Looking at Hahn’s name sitting at the top of the leaderboard, Forrest continued: “The scoring is low and it’s almost like level-par will see you fall away, so I will be aiming to keep pushing on tomorrow.”
Doherty transformed his day by picking up four shots in his final five holes, having also started on the back nine.
“That was nice,” admitted the recently-turned 34-year-old. “I also played nice at the start but just didn’t hole any putts. Efforts from eight feet, 20 feet, 10 feet and 25 feet in the final throes of his round made amends.
Doherty admitted he’s been inspired by Stewart’s breakthrough win on the circuit in Madrid last weekend. “Watching him do it definitely makes you think, ‘come on, let’s get involved’,” he said.
Stewart was also happy with his start, having managed to avoid the sort of hangover that often follows a victory.
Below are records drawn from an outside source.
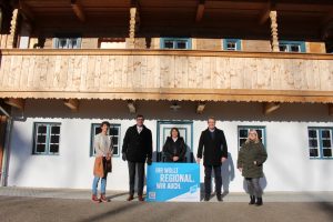 (V.l.) 1. Marktsprecherin Monika Mayr, Landrat Martin Bayerstorfer, 3. Marktsprecherin Rosmarie Voglrieder, Michael Hamburger und 2. Marktsprecherin Sandra Mair bei der Übergabe der Tafel.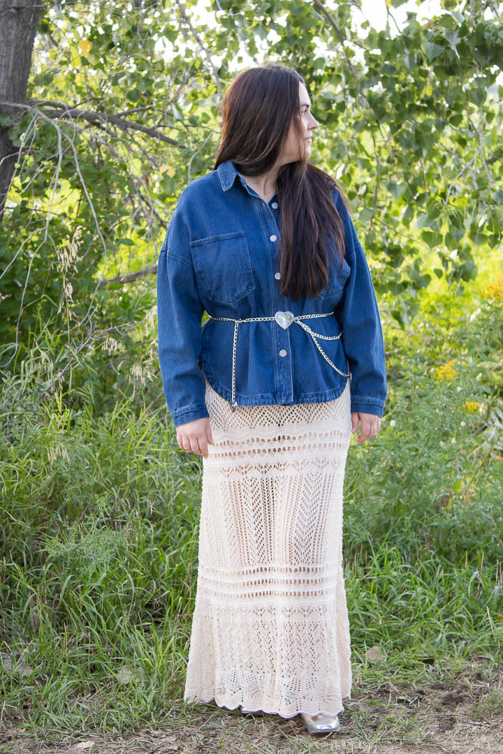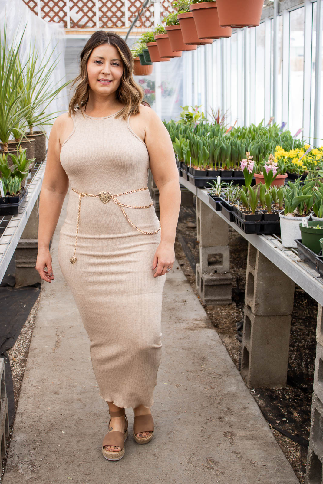 Skinny Chain link belt with a 2" heart near the clasp closure, a 1" dangling heart at the tip, and two fan-style drop chains at the left hip, 44 inches long, and about .25 inches wide. In gold and silver.
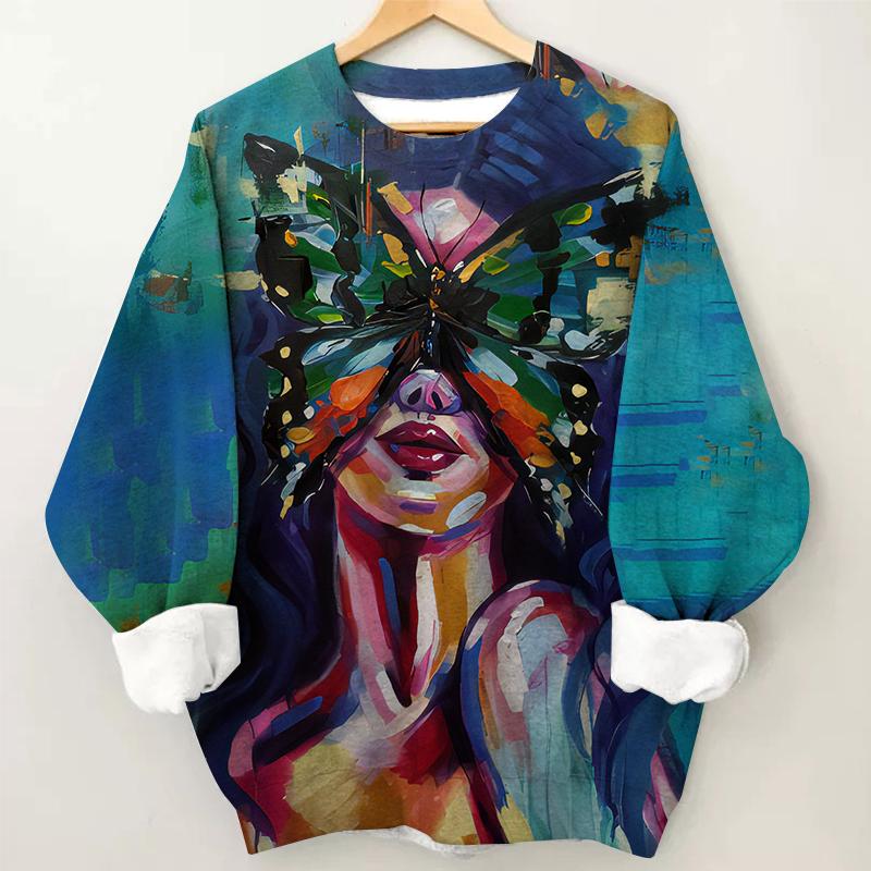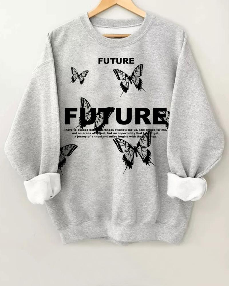 Women's Butterfly Future Print Long Sleeve Round Neck Sweatshirt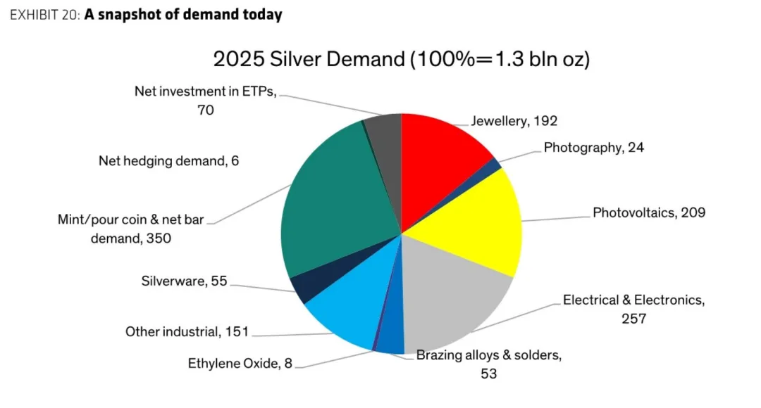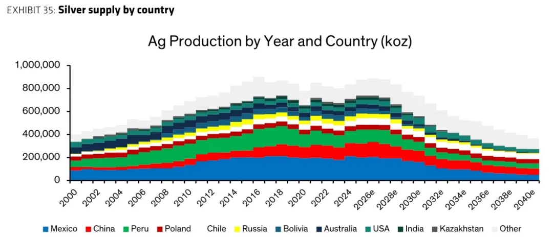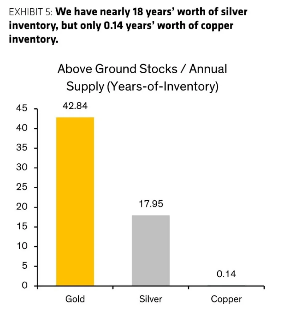 天量库存削弱了传统供需分析的有效性。 与只有约50天需求的铜库存相比,白银的地上库存(Above-ground stocks)极其庞大。报告 (Exhibit 5) 估算,全球地上的白银库存足以满足近18年的年化供应量。这意味着,市场上讨论的年度“供需缺口”在巨大的存量面前几乎失去了意义,短期内很难出现实质性的物理短缺。

“I played lovely,” said the 31-year-old after signing for four birdies, with his sole blemish being a bogey 6 at the 16th - his seventh.
“Tee to green was very good and my iron play is starting to feel that it is back to where it used to be.”
Ferguson, the 2013 British Boys’ champion from Bearsden, made his score by covering the back nine in two-under.
“After being level for the front nine, which has three par-5s, I was saying ‘oh no’ or words to those effect at the turn,” said the 19-year-old, smiling.
“I then managed to cover a tough stretch of holes from 10 through to 14 in one-under before making a nice birdie-2 at the 17th.”
Also out in the afternoon, when played was halted for 50 minutes due to a thunderstorm, Paul Shields and Bradley Neil carded matching 72s.
“I played well on my front nine, giving myself chance after chance, before the wind picked up and made the back nine quite tough,” said Shields, a rookie on the second-tier circuit this season.
Neil, who turned pro after playing in both The Masters and US Open last season on the back of his 2014 Amateur Championship win, was out in 32, three-under.
The Blairgowrie player then ran up two double-bogeys in three holes but was rightly proud of himself after covering his last six holes in one-under.
“There were a lot of positives out there,” said Neil, who’d woken up feeling unwell and took some medication before heading out.
Out in one of the final groups, Ross Kellett signed for a 73, admitting afterwards: “I need to putt better than that.”
David Law will have a different putter in his bag for the second round after discovering the one he’s used for five years has been bent since last week’s event in Spain.
“As soon as I picked it up earlier in the week I thought it had been damaged and that is definitely the case,” said the Aberdonian after signing for a 74. “It has loads of loft and is toed in.
“I’ve used it for five years and will get it sorted when I get home but Duncan Stewart has a spare one that I can borrow.”
Jack McDonald, making his Challenge Tour debut as a pro, also had to settle for two-over-par opening effort.
The 23-year-old Ayrshireman bagged an early birdie at 11th - his second - only to run up a 6 two holes later after finding water then dropping another shot at the next.
“I gave myself plenty of chances out there but made a couple of silly mistakes that cost me,” admitted McDonald.
Peter Whiteford, the last of the ten Scots, blamed a pull in his game for the bulk of the damage in his disappointing 75.
Hahn, a 27-year-old from Columbus, Ohio, carded an eagle and seven birdies as he set a red-hot pace on Turkey’s Mediterranean coast.
Describing what has been a difficult start to 2016, Hahn spoke of his delight after carding his first sub-70 round of the European Challenge Tour season.
“I have been struggling this year, there’s no secret there,” said Hahn as he reflected on his first sub-70 round of the season. “I think I lost focus and lost track of what I was good at and what got me to where I was as a player.”
The excellent effort him a three-shot lead over Swede Sebastian Soderberg, Portugal’s Ricardo Santos, French duo Joel Stalter and Clement Sordet and English pair Darren Wright and Aaron Rai.
Soderberg, the Road to Oman leader, was the odd man out as his 66 was carved out in the tougher afternoon conditions.